PROBLEM REQUIREMENTS: Write out every record below exactly, leaving the pictures out.

[Records contained in a dataset]
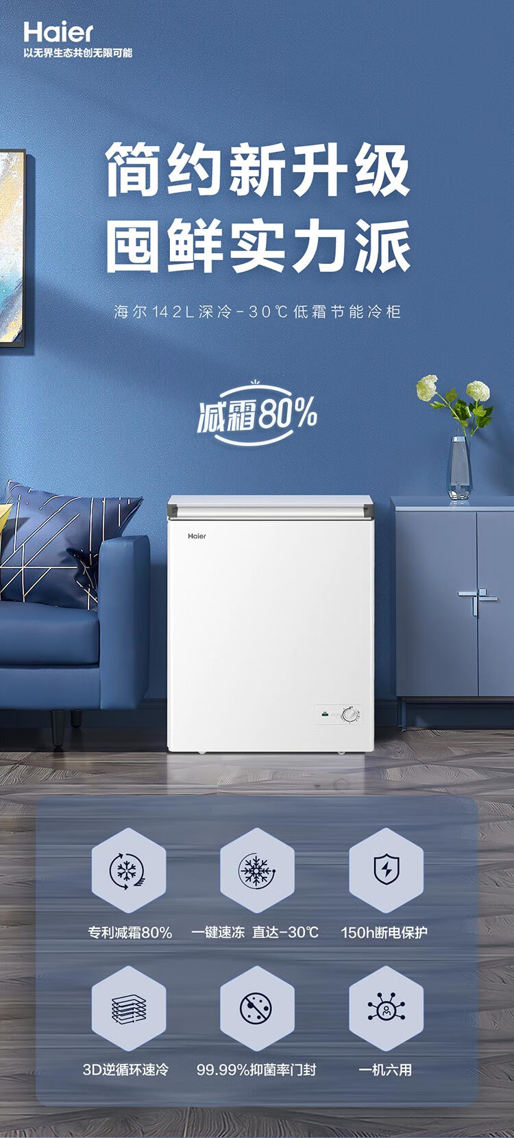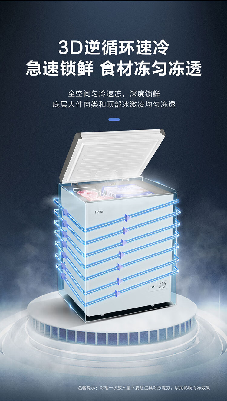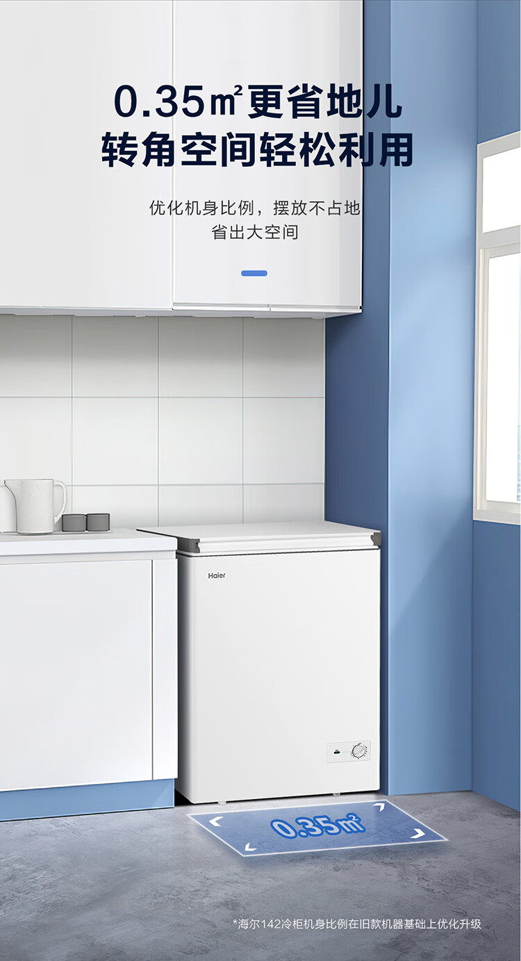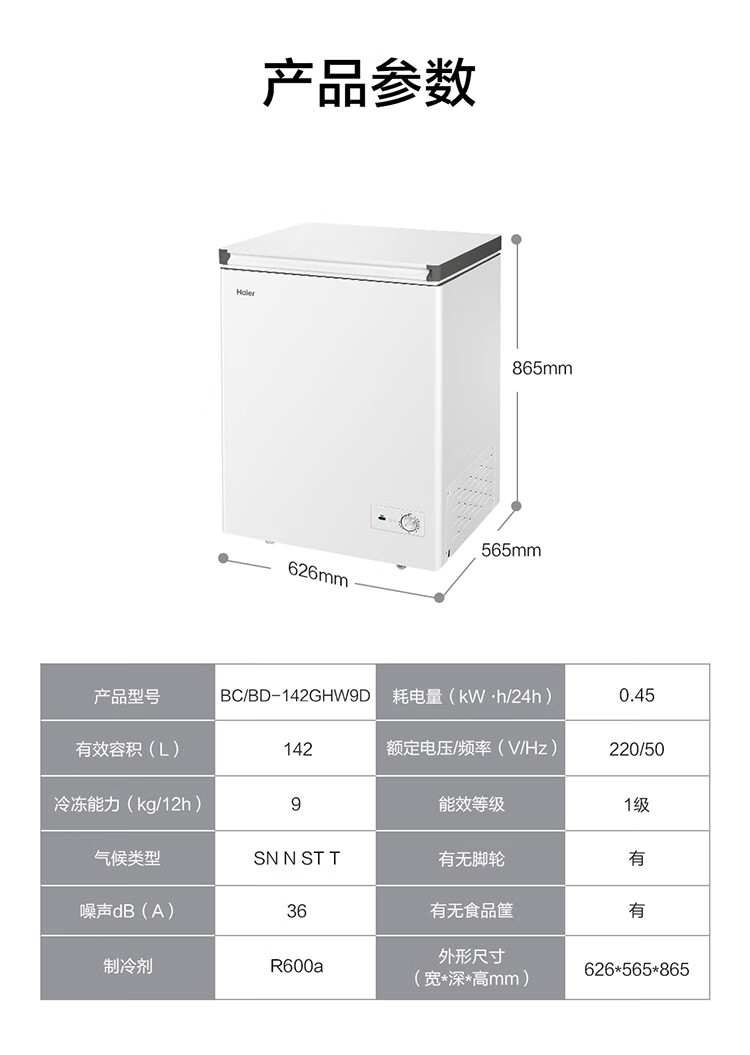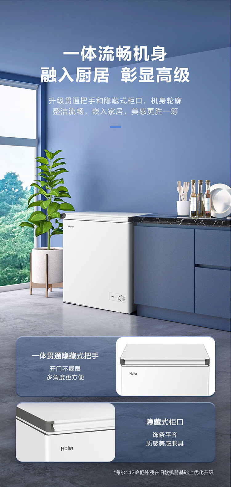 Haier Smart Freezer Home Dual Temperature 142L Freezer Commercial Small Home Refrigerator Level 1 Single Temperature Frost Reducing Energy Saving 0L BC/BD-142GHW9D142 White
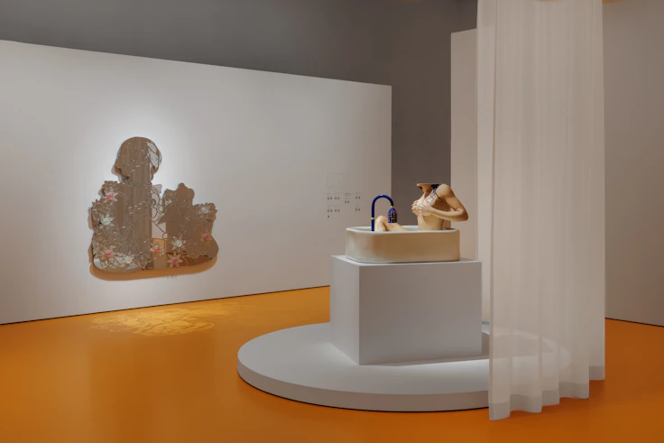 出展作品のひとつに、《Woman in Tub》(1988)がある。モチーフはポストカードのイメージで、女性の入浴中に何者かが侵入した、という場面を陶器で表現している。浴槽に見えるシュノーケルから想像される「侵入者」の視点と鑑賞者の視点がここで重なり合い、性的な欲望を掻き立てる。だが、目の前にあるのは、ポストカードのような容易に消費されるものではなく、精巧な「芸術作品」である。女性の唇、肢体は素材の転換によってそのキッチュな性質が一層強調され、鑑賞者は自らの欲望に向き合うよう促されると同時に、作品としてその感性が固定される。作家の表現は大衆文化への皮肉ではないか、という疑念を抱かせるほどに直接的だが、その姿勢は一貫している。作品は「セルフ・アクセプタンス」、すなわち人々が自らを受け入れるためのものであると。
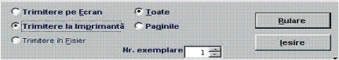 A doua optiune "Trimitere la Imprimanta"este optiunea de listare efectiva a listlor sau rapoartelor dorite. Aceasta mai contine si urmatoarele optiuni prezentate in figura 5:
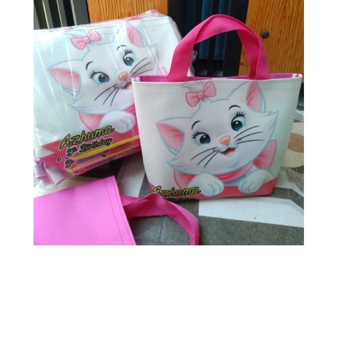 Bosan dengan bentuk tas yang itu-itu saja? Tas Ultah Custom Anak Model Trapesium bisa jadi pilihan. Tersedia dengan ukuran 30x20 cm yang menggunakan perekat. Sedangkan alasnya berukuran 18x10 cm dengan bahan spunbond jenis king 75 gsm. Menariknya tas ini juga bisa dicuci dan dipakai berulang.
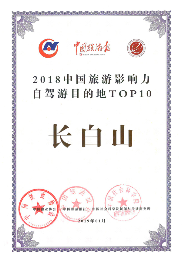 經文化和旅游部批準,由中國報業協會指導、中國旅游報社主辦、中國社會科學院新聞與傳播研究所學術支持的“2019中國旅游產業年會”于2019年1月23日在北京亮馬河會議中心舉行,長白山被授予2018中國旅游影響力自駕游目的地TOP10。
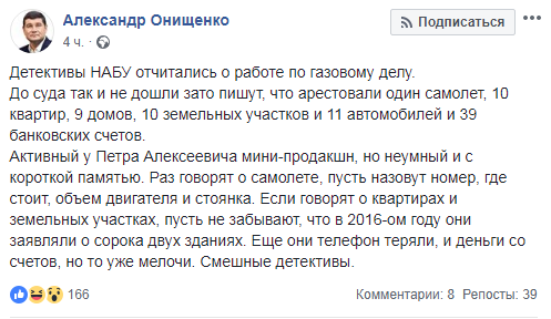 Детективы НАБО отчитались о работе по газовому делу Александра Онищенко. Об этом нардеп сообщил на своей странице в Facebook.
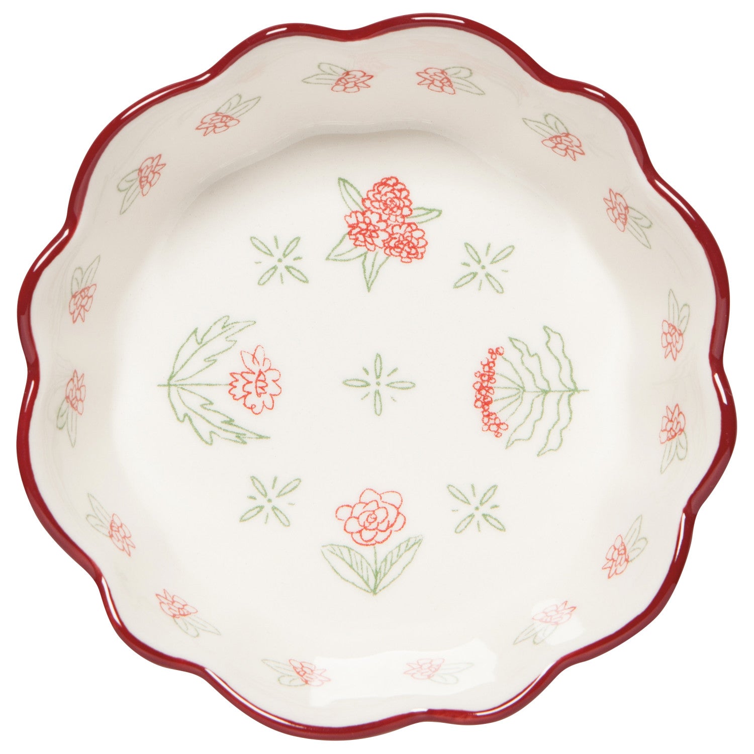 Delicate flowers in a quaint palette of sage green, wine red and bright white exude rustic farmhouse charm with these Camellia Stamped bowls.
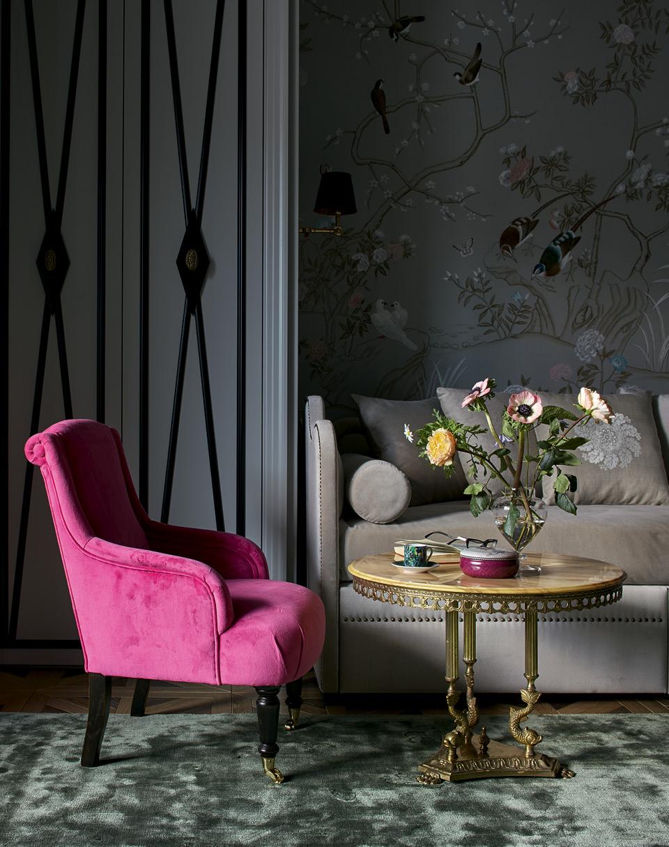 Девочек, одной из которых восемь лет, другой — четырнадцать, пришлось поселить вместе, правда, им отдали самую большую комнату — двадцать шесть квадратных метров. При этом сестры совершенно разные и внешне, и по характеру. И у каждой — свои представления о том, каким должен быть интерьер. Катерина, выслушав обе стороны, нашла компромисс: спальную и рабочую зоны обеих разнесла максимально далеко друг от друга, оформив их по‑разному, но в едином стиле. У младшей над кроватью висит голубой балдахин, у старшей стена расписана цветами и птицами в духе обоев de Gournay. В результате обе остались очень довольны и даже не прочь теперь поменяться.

SOLUTION TO THIS EXERCISE:
 Haier Smart Freezer Home Dual Temperature 142L Freezer Commercial Small Home Refrigerator Level 1 Single Temperature Frost Reducing Energy Saving 0L BC/BD-142GHW9D142 White
 出展作品のひとつに、《Woman in Tub》(1988)がある。モチーフはポストカードのイメージで、女性の入浴中に何者かが侵入した、という場面を陶器で表現している。浴槽に見えるシュノーケルから想像される「侵入者」の視点と鑑賞者の視点がここで重なり合い、性的な欲望を掻き立てる。だが、目の前にあるのは、ポストカードのような容易に消費されるものではなく、精巧な「芸術作品」である。女性の唇、肢体は素材の転換によってそのキッチュな性質が一層強調され、鑑賞者は自らの欲望に向き合うよう促されると同時に、作品としてその感性が固定される。作家の表現は大衆文化への皮肉ではないか、という疑念を抱かせるほどに直接的だが、その姿勢は一貫している。作品は「セルフ・アクセプタンス」、すなわち人々が自らを受け入れるためのものであると。
 A doua optiune "Trimitere la Imprimanta"este optiunea de listare efectiva a listlor sau rapoartelor dorite. Aceasta mai contine si urmatoarele optiuni prezentate in figura 5:
 Bosan dengan bentuk tas yang itu-itu saja? Tas Ultah Custom Anak Model Trapesium bisa jadi pilihan. Tersedia dengan ukuran 30x20 cm yang menggunakan perekat. Sedangkan alasnya berukuran 18x10 cm dengan bahan spunbond jenis king 75 gsm. Menariknya tas ini juga bisa dicuci dan dipakai berulang.
 經文化和旅游部批準,由中國報業協會指導、中國旅游報社主辦、中國社會科學院新聞與傳播研究所學術支持的“2019中國旅游產業年會”于2019年1月23日在北京亮馬河會議中心舉行,長白山被授予2018中國旅游影響力自駕游目的地TOP10。
 Детективы НАБО отчитались о работе по газовому делу Александра Онищенко. Об этом нардеп сообщил на своей странице в Facebook.
 Delicate flowers in a quaint palette of sage green, wine red and bright white exude rustic farmhouse charm with these Camellia Stamped bowls.
 Девочек, одной из которых восемь лет, другой — четырнадцать, пришлось поселить вместе, правда, им отдали самую большую комнату — двадцать шесть квадратных метров. При этом сестры совершенно разные и внешне, и по характеру. И у каждой — свои представления о том, каким должен быть интерьер. Катерина, выслушав обе стороны, нашла компромисс: спальную и рабочую зоны обеих разнесла максимально далеко друг от друга, оформив их по‑разному, но в едином стиле. У младшей над кроватью висит голубой балдахин, у старшей стена расписана цветами и птицами в духе обоев de Gournay. В результате обе остались очень довольны и даже не прочь теперь поменяться.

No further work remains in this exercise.